▶ [WHAT THE TASK REQUIRES]:
Using the data below, reproduce exactly the lines from the line with "設営が一段落したので温泉に入って暖まってくることにします。" to the line with "Meyn double blade", both included; pictures must be dropped.

▶ [RECORDS TO PROCESS]:
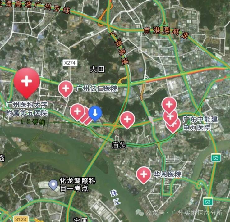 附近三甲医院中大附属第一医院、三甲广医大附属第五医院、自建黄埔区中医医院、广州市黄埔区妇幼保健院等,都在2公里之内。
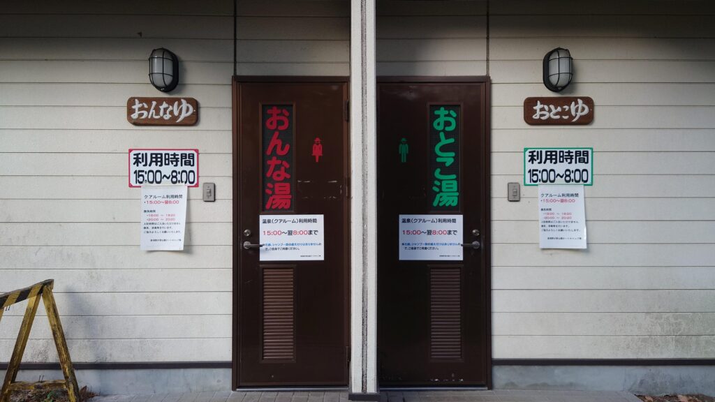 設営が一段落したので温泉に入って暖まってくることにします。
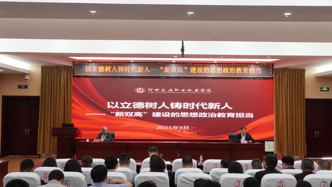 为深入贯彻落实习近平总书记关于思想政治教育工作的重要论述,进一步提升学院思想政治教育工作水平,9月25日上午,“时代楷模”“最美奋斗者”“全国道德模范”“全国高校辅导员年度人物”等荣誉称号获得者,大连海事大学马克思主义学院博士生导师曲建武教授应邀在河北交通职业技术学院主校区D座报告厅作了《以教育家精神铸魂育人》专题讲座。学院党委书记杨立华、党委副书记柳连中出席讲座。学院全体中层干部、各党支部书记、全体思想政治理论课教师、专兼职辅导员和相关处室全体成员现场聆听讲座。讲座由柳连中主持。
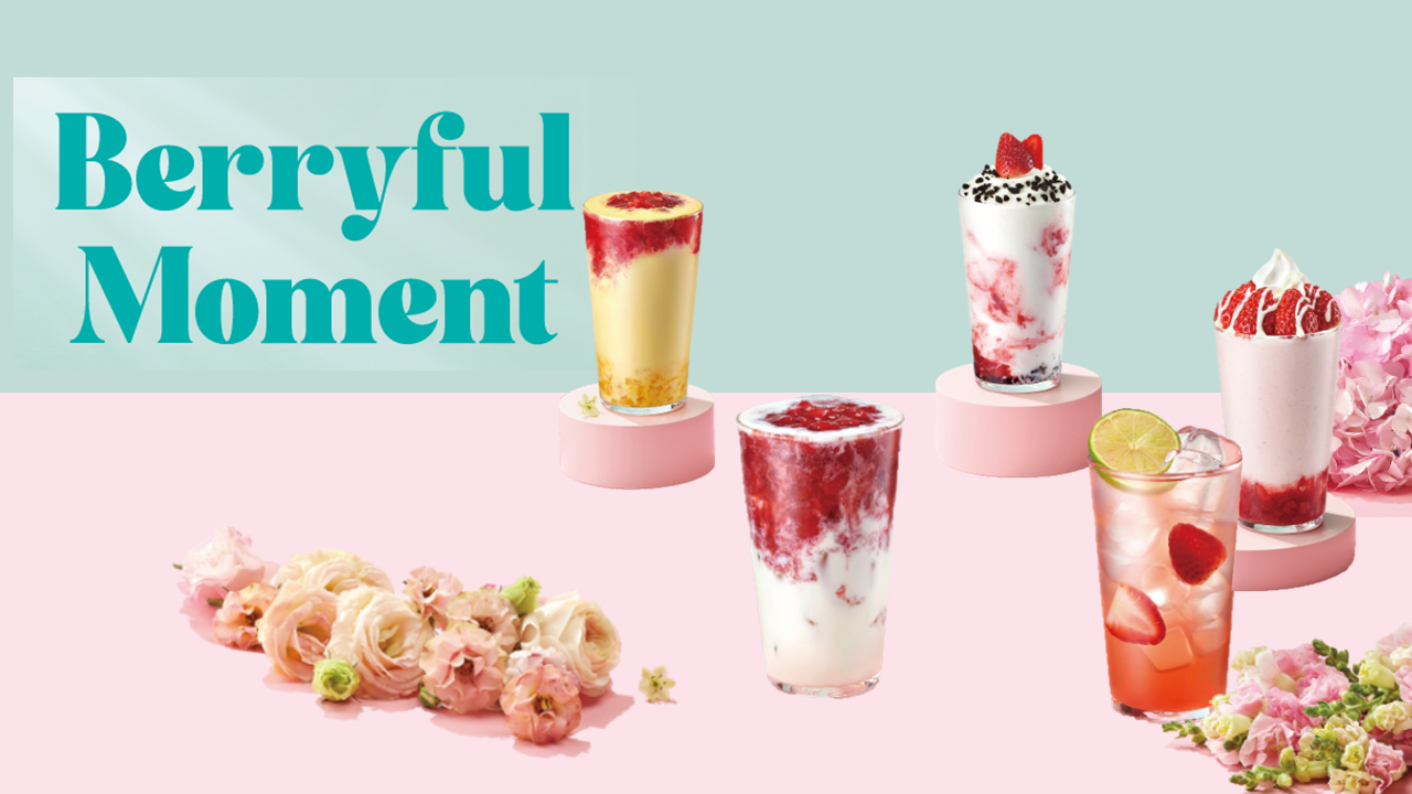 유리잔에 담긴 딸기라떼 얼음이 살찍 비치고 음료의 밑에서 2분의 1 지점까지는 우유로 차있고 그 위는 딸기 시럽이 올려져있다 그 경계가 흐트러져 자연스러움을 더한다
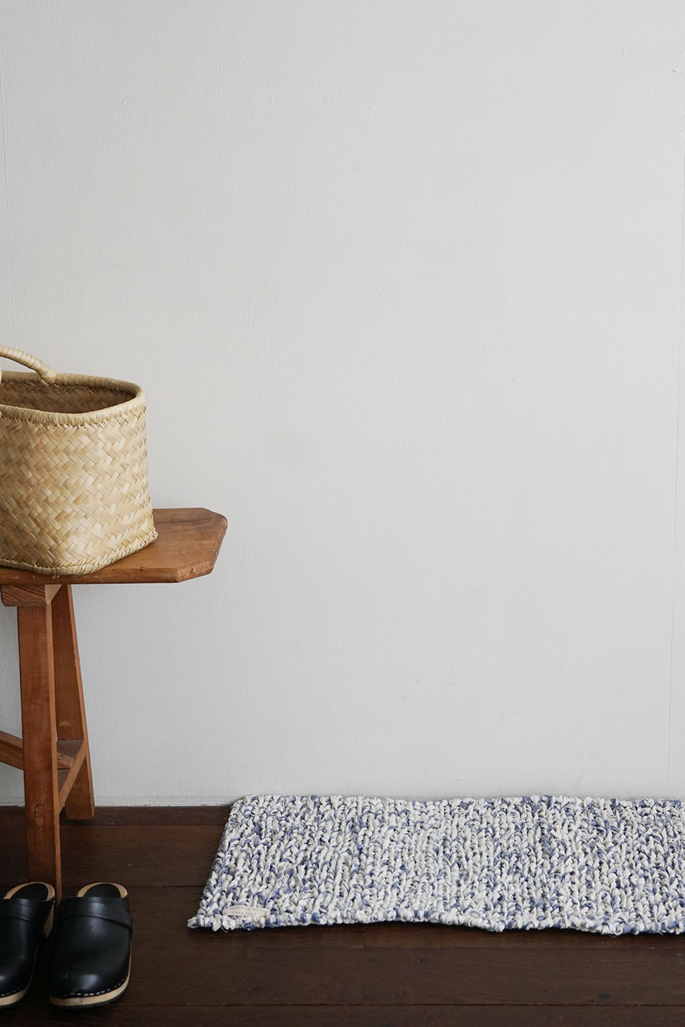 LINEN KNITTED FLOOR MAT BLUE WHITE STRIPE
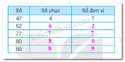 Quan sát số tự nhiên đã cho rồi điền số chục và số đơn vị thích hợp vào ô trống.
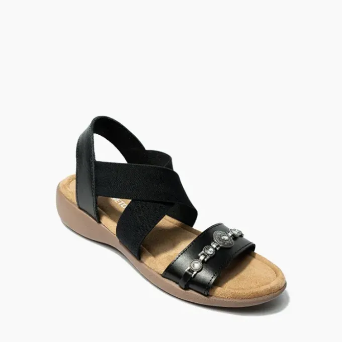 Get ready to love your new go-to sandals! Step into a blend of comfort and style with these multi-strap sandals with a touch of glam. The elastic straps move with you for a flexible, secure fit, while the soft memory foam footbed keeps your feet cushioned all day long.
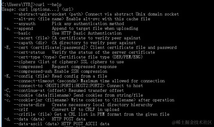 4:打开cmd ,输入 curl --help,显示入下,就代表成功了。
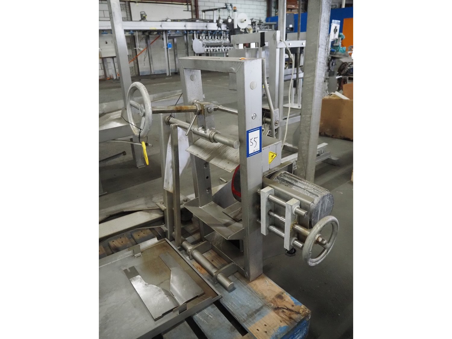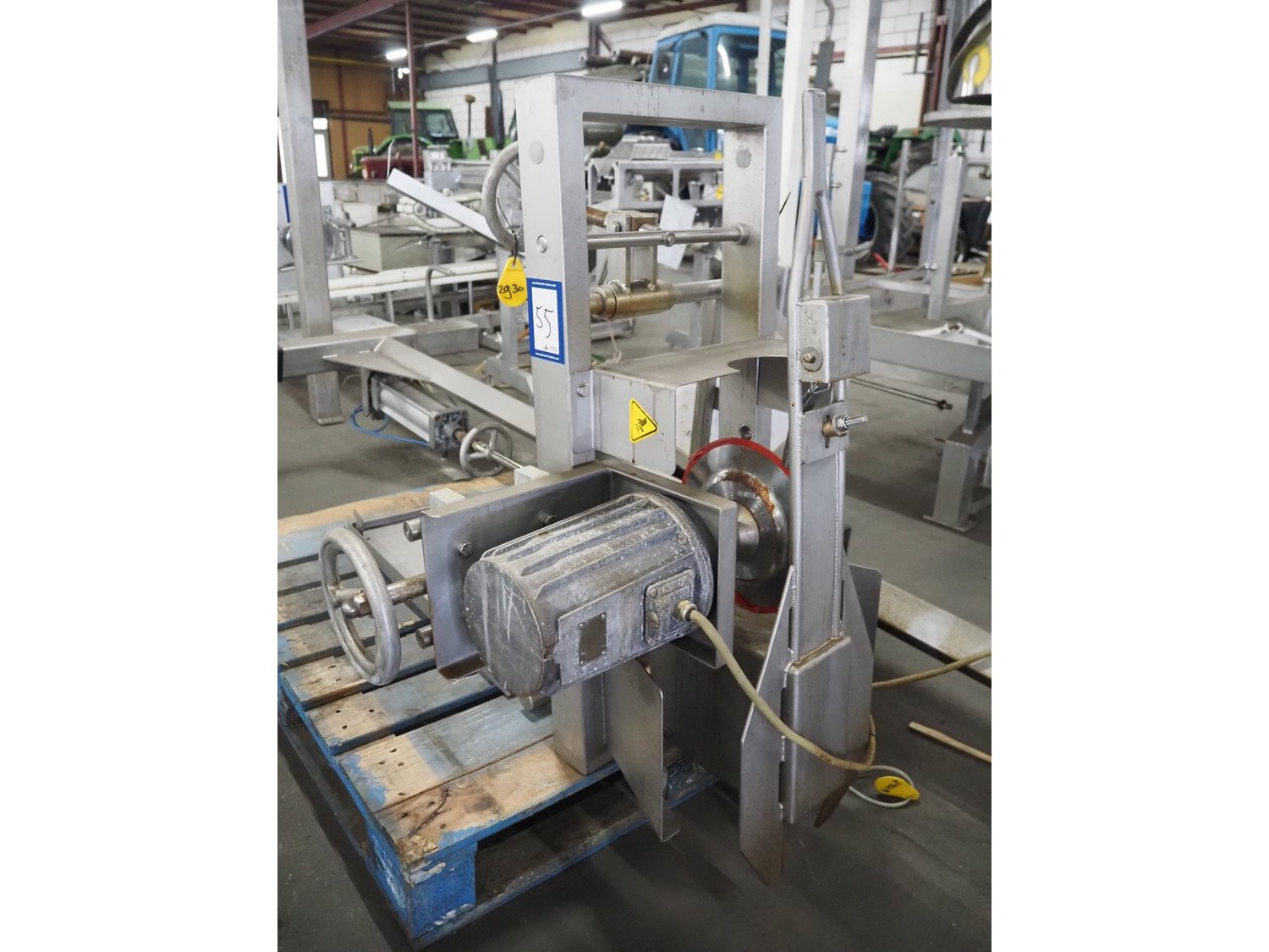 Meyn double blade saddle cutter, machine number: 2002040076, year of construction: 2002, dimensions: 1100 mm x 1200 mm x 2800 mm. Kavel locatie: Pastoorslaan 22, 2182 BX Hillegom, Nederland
...
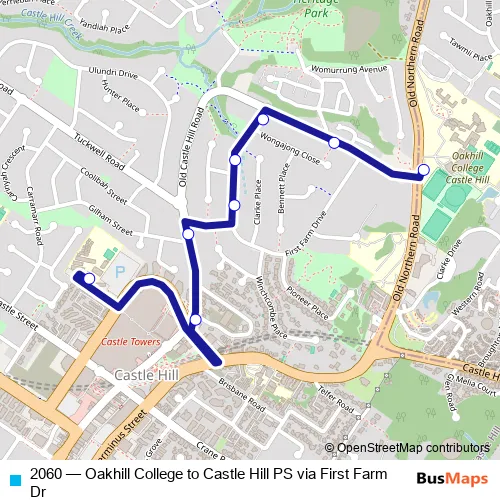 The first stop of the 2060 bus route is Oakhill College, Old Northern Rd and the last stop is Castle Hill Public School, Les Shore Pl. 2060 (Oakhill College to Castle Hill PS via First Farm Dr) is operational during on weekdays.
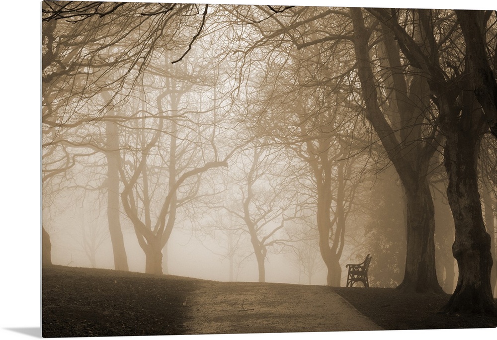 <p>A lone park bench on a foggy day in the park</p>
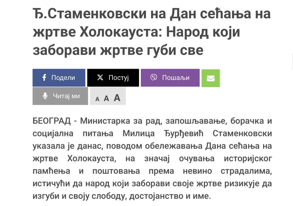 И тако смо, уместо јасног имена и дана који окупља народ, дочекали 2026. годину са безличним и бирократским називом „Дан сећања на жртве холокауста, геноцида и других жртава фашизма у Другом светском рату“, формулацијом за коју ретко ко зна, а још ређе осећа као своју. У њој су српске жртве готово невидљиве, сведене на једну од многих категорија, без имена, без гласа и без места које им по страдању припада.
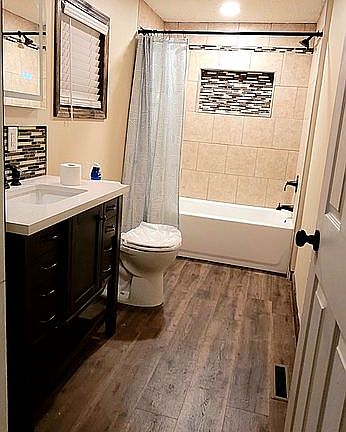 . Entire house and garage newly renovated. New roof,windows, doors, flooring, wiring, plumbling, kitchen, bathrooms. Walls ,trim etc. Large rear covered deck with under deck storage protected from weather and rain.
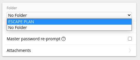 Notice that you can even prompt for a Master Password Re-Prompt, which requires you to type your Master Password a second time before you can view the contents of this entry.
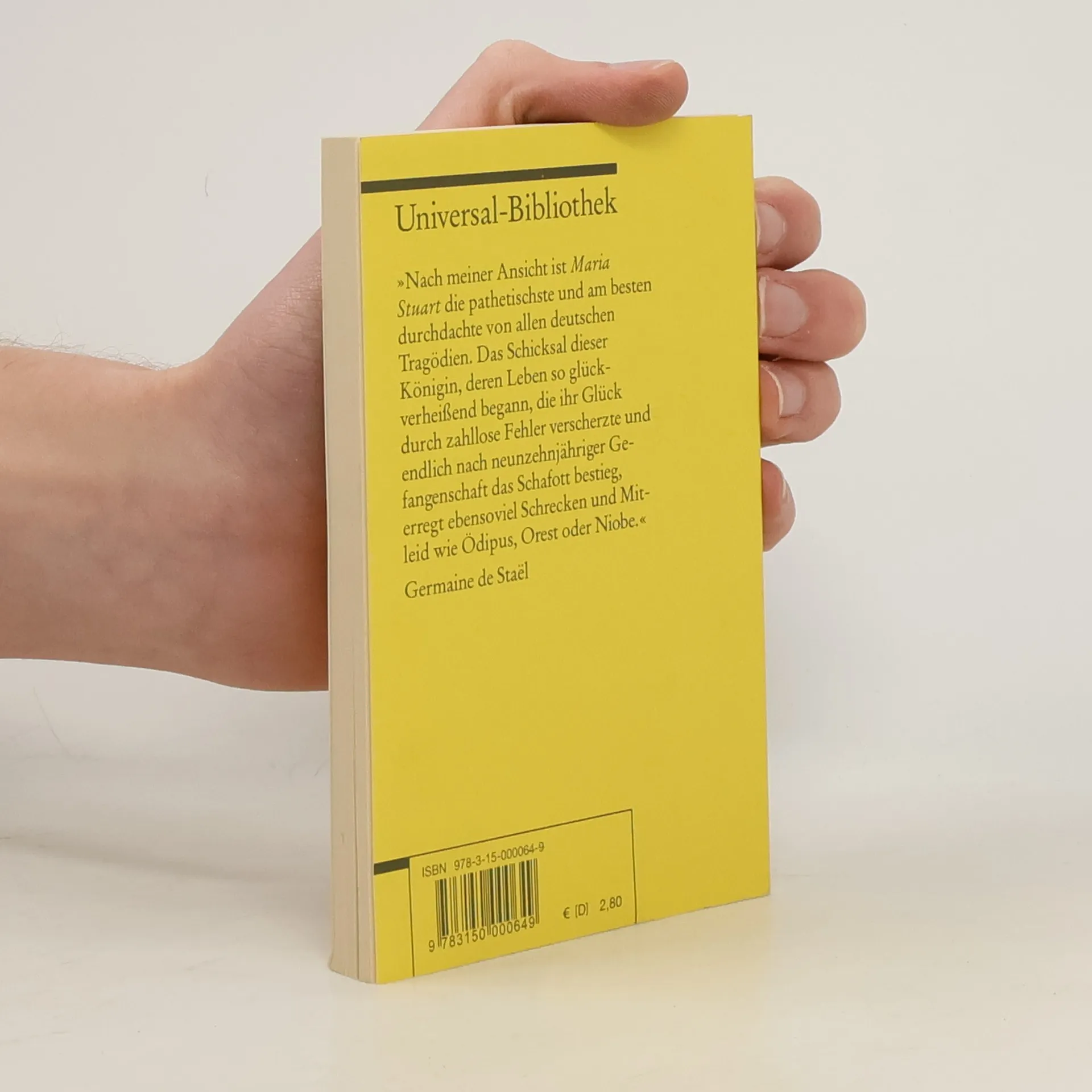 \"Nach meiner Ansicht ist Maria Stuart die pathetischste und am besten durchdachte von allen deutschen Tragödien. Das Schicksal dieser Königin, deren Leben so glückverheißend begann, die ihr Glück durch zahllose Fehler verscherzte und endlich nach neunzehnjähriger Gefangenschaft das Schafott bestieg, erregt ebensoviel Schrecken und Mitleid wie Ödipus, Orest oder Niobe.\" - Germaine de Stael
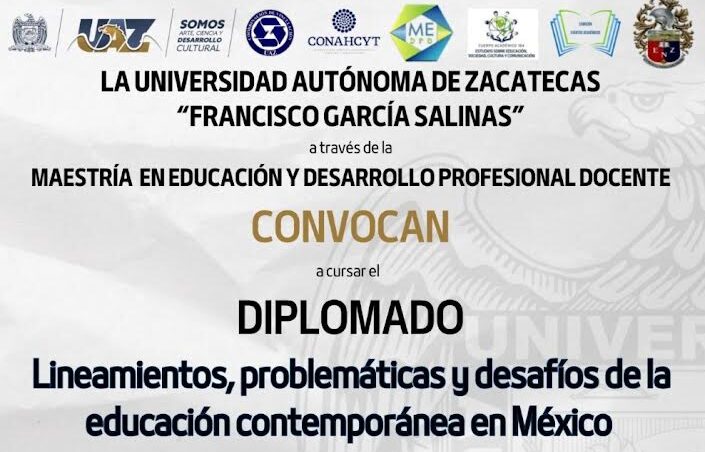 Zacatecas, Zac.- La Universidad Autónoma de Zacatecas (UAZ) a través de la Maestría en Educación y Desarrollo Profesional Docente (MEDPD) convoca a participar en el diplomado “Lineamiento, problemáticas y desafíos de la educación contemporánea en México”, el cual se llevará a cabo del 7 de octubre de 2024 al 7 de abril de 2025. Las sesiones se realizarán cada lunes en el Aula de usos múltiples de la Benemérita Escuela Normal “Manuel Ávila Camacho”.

▶ [REPLY TO THE EXERCISE]:
 設営が一段落したので温泉に入って暖まってくることにします。
 为深入贯彻落实习近平总书记关于思想政治教育工作的重要论述,进一步提升学院思想政治教育工作水平,9月25日上午,“时代楷模”“最美奋斗者”“全国道德模范”“全国高校辅导员年度人物”等荣誉称号获得者,大连海事大学马克思主义学院博士生导师曲建武教授应邀在河北交通职业技术学院主校区D座报告厅作了《以教育家精神铸魂育人》专题讲座。学院党委书记杨立华、党委副书记柳连中出席讲座。学院全体中层干部、各党支部书记、全体思想政治理论课教师、专兼职辅导员和相关处室全体成员现场聆听讲座。讲座由柳连中主持。
 유리잔에 담긴 딸기라떼 얼음이 살찍 비치고 음료의 밑에서 2분의 1 지점까지는 우유로 차있고 그 위는 딸기 시럽이 올려져있다 그 경계가 흐트러져 자연스러움을 더한다
 LINEN KNITTED FLOOR MAT BLUE WHITE STRIPE
 Quan sát số tự nhiên đã cho rồi điền số chục và số đơn vị thích hợp vào ô trống.
 Get ready to love your new go-to sandals! Step into a blend of comfort and style with these multi-strap sandals with a touch of glam. The elastic straps move with you for a flexible, secure fit, while the soft memory foam footbed keeps your feet cushioned all day long.
 4:打开cmd ,输入 curl --help,显示入下,就代表成功了。
 Meyn double blade saddle cutter, machine number: 2002040076, year of construction: 2002, dimensions: 1100 mm x 1200 mm x 2800 mm. Kavel locatie: Pastoorslaan 22, 2182 BX Hillegom, Nederland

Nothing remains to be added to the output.